On the plus side, the alien planet is fun to see, and the villain is decently frightening. If you were disappointed by The Fifth Element's bad guy Big Ball of Evil or Fantastic Four: Rise of the Silver Surfer's bad guy Galactus the Big Ball of Rocks, you might dig Green Lantern's bad guy Parallax the Big Smoky Octopus Ball of Angry Monster Faces.
There's also a notably cute, fresh joke about secret identities, which is pretty hard to come by when we live in a time that has seen several deconstructions of the superhero myth.
In Conclusion: "You? You're not the guy. I don't think you're the guy. Clearly, a mistake has been made! You're not the guy! I'm the guy? I don't think I'm the guy. Am I the guy?" Jebus on a pogo stick!
I was bitching to a friend about this a few days later and I said "I just want to see a movie where the hero's like 'Yup, I got powers, and I'm a good guy, so I'm just gonna help people and I'm not goddamn conflicted about it."'
And my friend said "Yeah, that's Captain America."

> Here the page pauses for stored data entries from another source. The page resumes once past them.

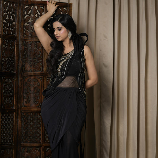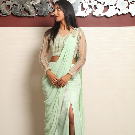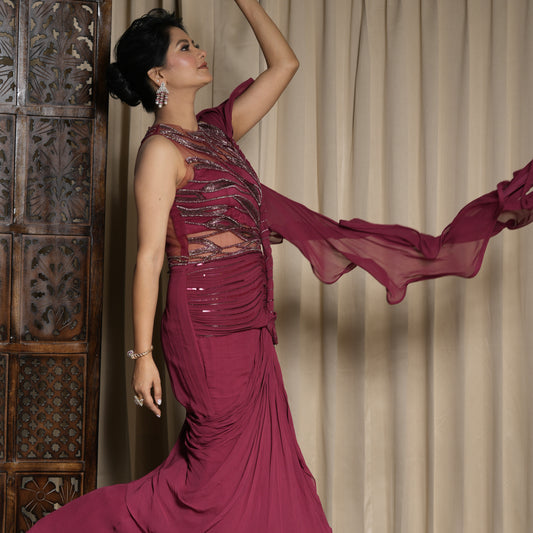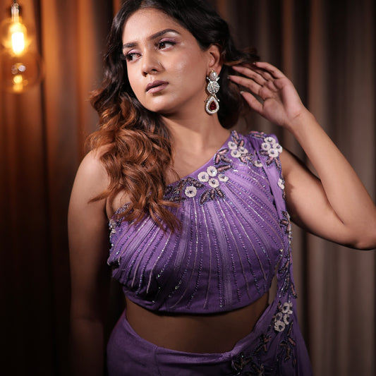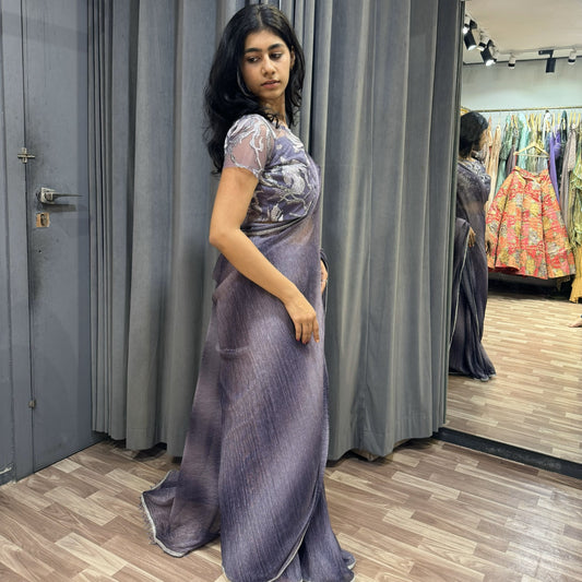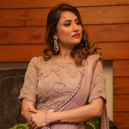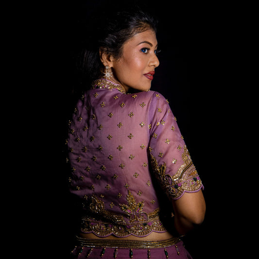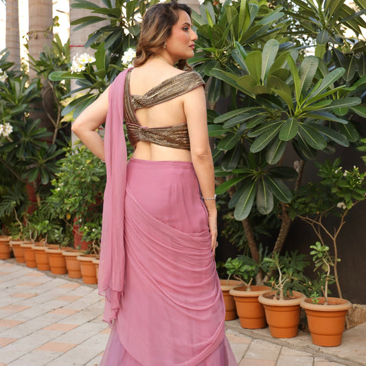 Onion Pink Mauve Saree with Worked Blouse Artistry
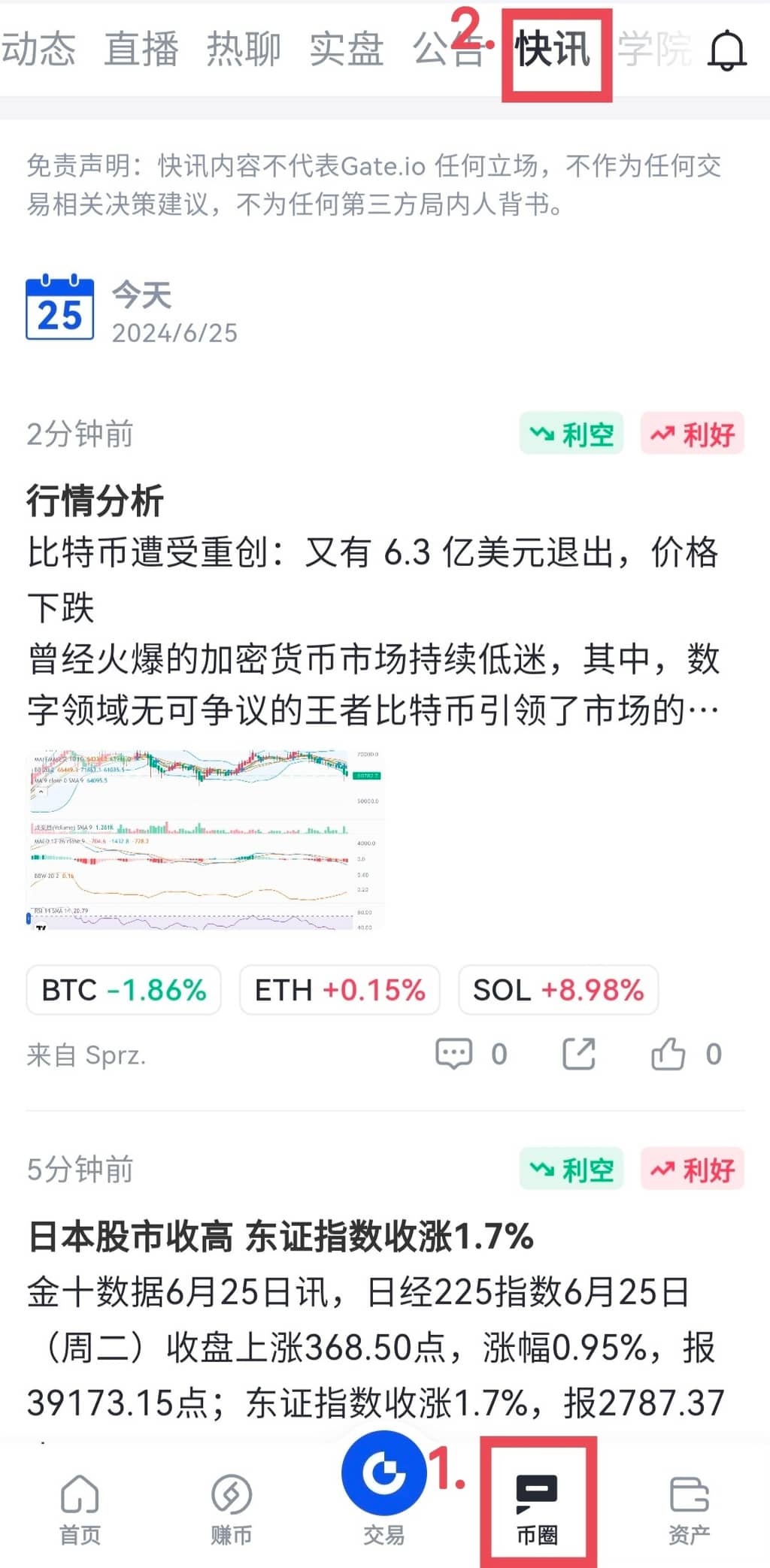 打开Gate App,点击页面底栏“币圈”——“快讯”,即可查看快讯内容。
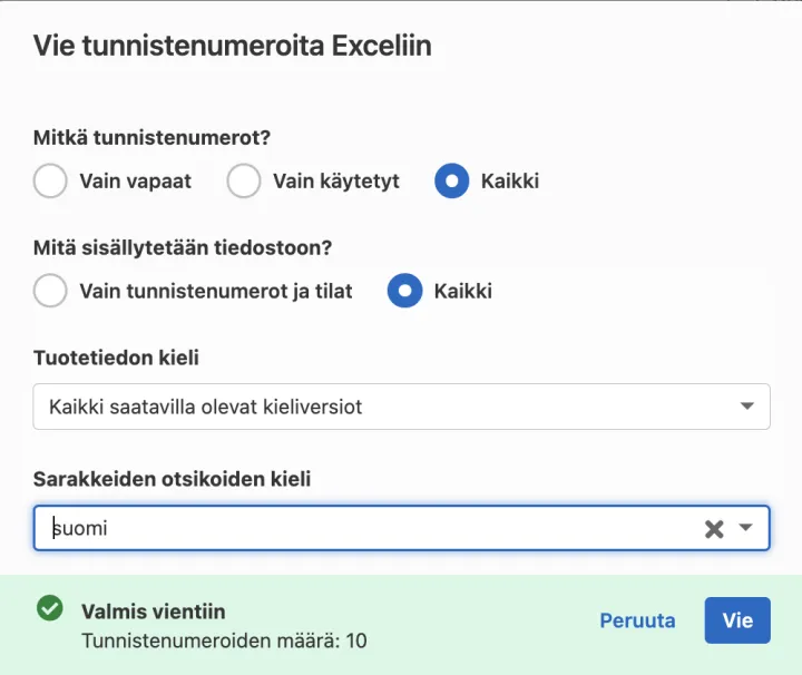 - Valitse Exceliin tulevat tiedot mahdollisimman kattavasti (katso kuva alla) ja paina Vie.
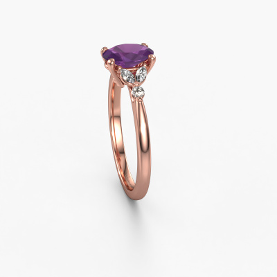 This 14 Carat rose gold ring is called Megan OVL and is set with 7,5x5,5 mm amethyst. Are you looking for a unique rose gold engagement ring which you can customize to your own liking? This unique engagement ring is set with amethyst which is carefully selected for this specific ring in order to create the best effect. Our expert goldsmith will create your ring in our own crafting studio, where the amethyst will be set with great care. The ring will then be polished till it shines perfectly. Nothing but the best for the love of your life! The great thing about our online tool is, that you can compile your own jewellery into a unique, personalized piece. Each piece of jewellery is made by a team of passionate goldsmiths and jewel designers. This will make your crown jewel truly eye-catching.By using a combination of the latest modern techniques, combined with ancient crafting, we can make all our engagement rings in our own studio. Each jewel is made to order. This is advantageous because we can offer you a price you won't find anywhere else.Different styles of new rings are made daily by our team. Perhaps you have found a pavé solitaire engagement ring somewhere. One you would like to give to your loved one. Please feel free to share your thoughts and design with our jewel designers. We would love to turn your design into a unique engagement ring. You can follow the development of your ring design because we use very detailed 3D drawings. On top of that, you can order a dummy of the design. A dummy is a plastic ring, which can be shaped according your ring design. You can try it on and check if the engagement ring is up to standard. We will gladly send you a non-binding offer, based on a fair price/ quality ratio. The offer will baffle you, considering the quality of the ring and gemstones.To make it easier for you, we offer a 30 day return policy. Check our terms and conditions.
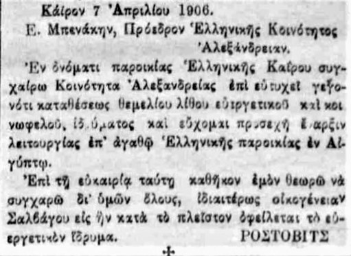 Τα συγχαρητήρια της Ελληνικής Κοινότητας Καΐρου μετέφερε στις 7 Απριλίου του 1906, ο τότε Πρόεδρος της ΕΚΚ, Αλέξανδρος Ρόστοβιτς, προς τον Πρόεδρο της Ελληνικής Κοινότητας Αλεξανδρείας Εμμανουήλ Μπενάκη, με αφορμή την ιστορική θεμελίωση της Σαλβαγείου Επαγγελματικής Σχολής.
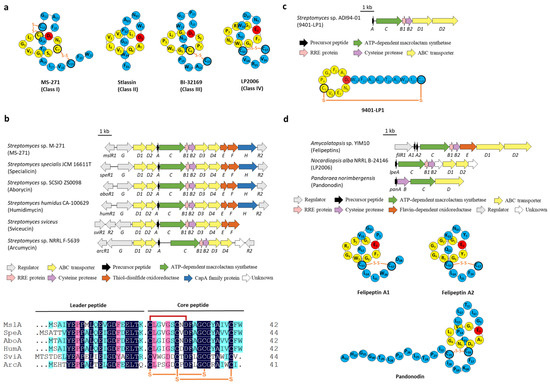 - Arnison, P.G.; Bibb, M.J.; Bierbaum, G.; Bowers, A.A.; Bugni, T.S.; Bulaj, G.; Camarero, J.A.; Campopiano, D.J.; Challis, G.L.; Clardy, J.; et al. Ribosomally synthesized and post-translationally modified peptide natural products: Overview and recommendations for a universal nomenclature. Nat. Prod. Rep. 2013, 30, 108–160. [Google Scholar] [CrossRef] [PubMed]
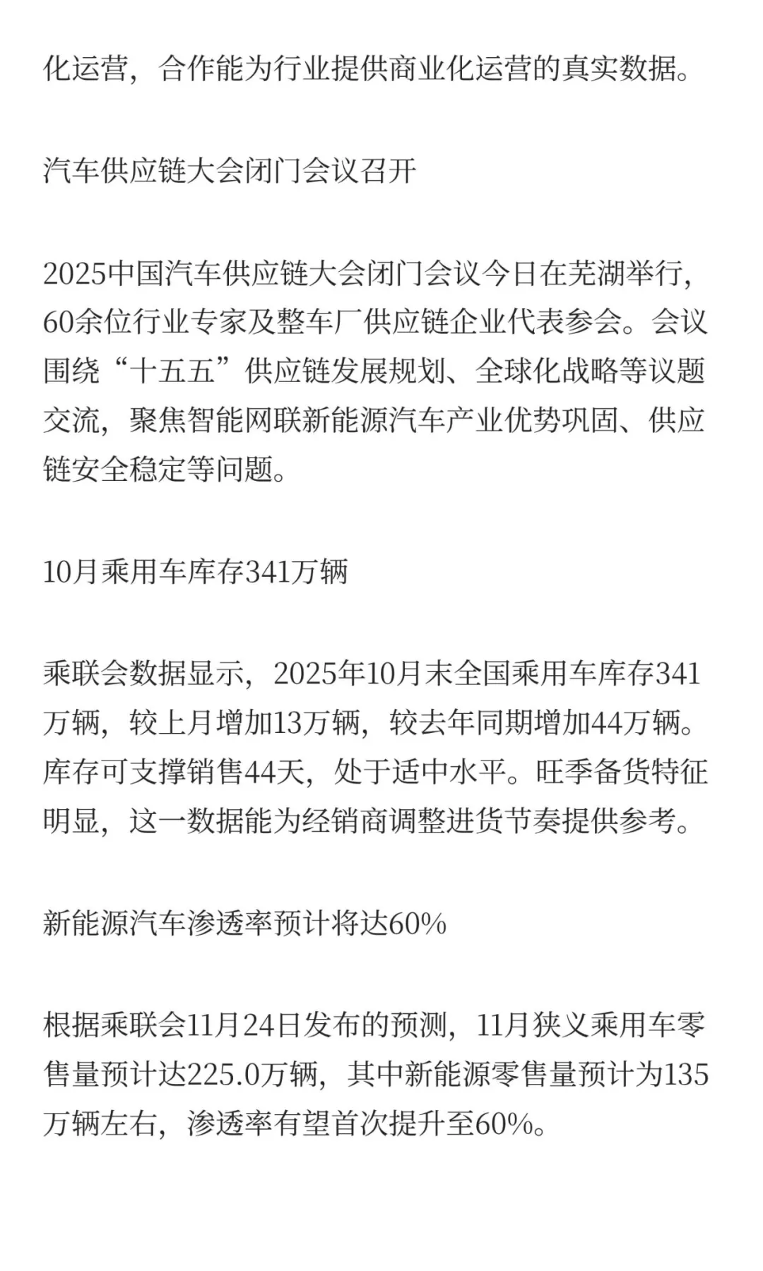 乘联会数据显示,2025年10月末全国乘用车库存341万辆,较上月增加13万辆,较去年同期增加44万辆。库存可支撑销售44天,处于适中水平。旺季备货特征明显,这一数据能为经销商调整进货节奏提供参考。

CAPTAIN AMERICA: THE FIRST AVENGER ****3/4
I can't quite give this movie five stars and say it's perfect, but it's so damn huggable I want to. Marvel was very smart to make this; you just can't beat World War Two as a setting for any story, and you get caught up in the Can Do America! vibe that infuses every scene. At one point a bad guy throws a kid off a dock to slow Cap down, and when Cap peers over the edge the kid's down there saying "Go get him! I can swim!" Awesome.
Against this nostalgiac setting, the writers do a great job fleshing out Marvel as an interconnected universe. Tony Stark's dad plays a big part, we find out what that stupid cube from Thor's post-credit stinger is, the original Human Torch is in the background, several characters from Marvel's military comics show up, etc.
Chris Evans plays Steve Rogers just right: the exact "I'm a good guy because I'm a good guy" I was looking for, cursed with a scrawny body but then picked out of a row of jocks as the one person who can be trusted with super powers. Everybody is great in this. Stanley Tucci does a great fatherly spin on Dr. Erskine, Tommy Lee Jones fits in the role of a no-nonsense army colonel like a comfortable, familiar chair, Hugo Weaving kills as The Red Skull (of course), and Hayley Atwell is perfect as the restrained military attache Peggy Carter who can obviously barely keep her hands off post-powered Steve.
The only reason I'm not slapping the full five stars on it are niggly little gripes about obvious greenscreen shots that should have been better, mostly the shots on the streets of old New York. JPX mentioned that the movie may seem a bit short, as many of the action scenes in the trailer come from a brief montage of Cap and his commandos giving the Nazis a hard time.
In conclusion: Captain America: Definitely among the top ten superhero movies ever, maybe even the top five. Great fun.
You can probably still catch Cap in theaters, but my sluggishness in getting this written means it's mostly useful as a dvd pick list. But let's discuss! Shout out if you saw any of this stuff, or any other summer offerings. We need to get this lazy blog rolling for Horrorthon.